Le Sénat a rejeté l'article - obligatoire - d'approbation de l'annexe B, au motif qu'il s'interrogeait sur les hypothèses macroéconomiques formulées. La forte incertitude qui préside à l'évolution de la situation économique n'a pourtant pas empêché le Haut Conseil des finances publiques de qualifier, dans son avis sur le projet de loi, de « crédible » la trajectoire pour 2022 et de « plausibles » les hypothèses d'inflation et d'évolution de la masse salariale pour 2023.

Nous avons également une divergence, dans la quatrième partie, sur l'amendement de réforme des retraites présenté par notre collègue René-Paul Savary.

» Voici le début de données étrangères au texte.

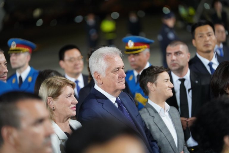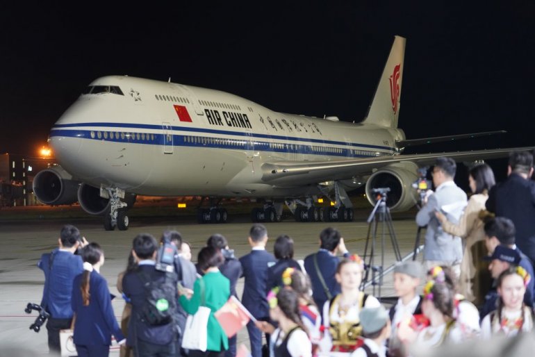 УЗ председника Александра Вучића и прву даму, кинеског председника Си Ђинпинга на црвеном тепиху дочекала је делегација Србије коју чине премијер Милош Вучевић, председница Скупштине Ана Брнабић, министар спољних послова Марко Ђурић, амбасадорка Србије у Кини Маја Стефановић и кинески амбасадор у Београду Ли Минг са супругом.

Si je partage le constat dressé par la majorité sénatoriale, le Gouvernement s'est engagé dans une concertation avec les partenaires sociaux pour déterminer les critères devant présider à une réforme. Je pense que le législateur doit attendre l'issue de ces discussions avant de s'engager en faveur de la préservation de notre système de retraite, auquel nous sommes tous attachés. J'espère que c'est un objectif sur lequel nous pourrons nous rejoindre.

Certaines dispositions concernant l'accès aux soins ont été supprimées : ainsi, l'extension de la permanence des soins ou l'expérimentation de l'accès direct aux infirmiers en pratique avancée, proposition formulée par le groupe de travail transpartisan créé au sein de notre commission. Je prends acte de la volonté des sénateurs d'examiner un texte sur l'organisation et le fonctionnement du système de santé ; je les invite donc à soutenir, le moment venu, les mesures que je présenterai dans le cadre d'une future proposition de loi sur les partages d'activité entre professionnels et l'accès direct.

Le Sénat a supprimé l'article 44, ce qui prive l'assurance maladie de la possibilité de récupérer des sommes importantes indûment versées par la collectivité.

Il est regrettable aussi que le Sénat ait supprimé l'article 37, relatif à la subrogation des indemnités journalières dues à l'occasion des congés de maternité, de paternité et d'adoption, alors même qu'une garantie de remboursement des entreprises dans un délai de sept jours était prévue et que l'objectif était de sécuriser les ressources des familles à un moment où elles sont financièrement vulnérables.

Dans ces conditions, il paraît difficile de trouver un accord permettant de surmonter nos divergences. Les rapporteurs de l'Assemblée nationale veilleront néanmoins à ce que les avancées apportées par le Sénat soient maintenues.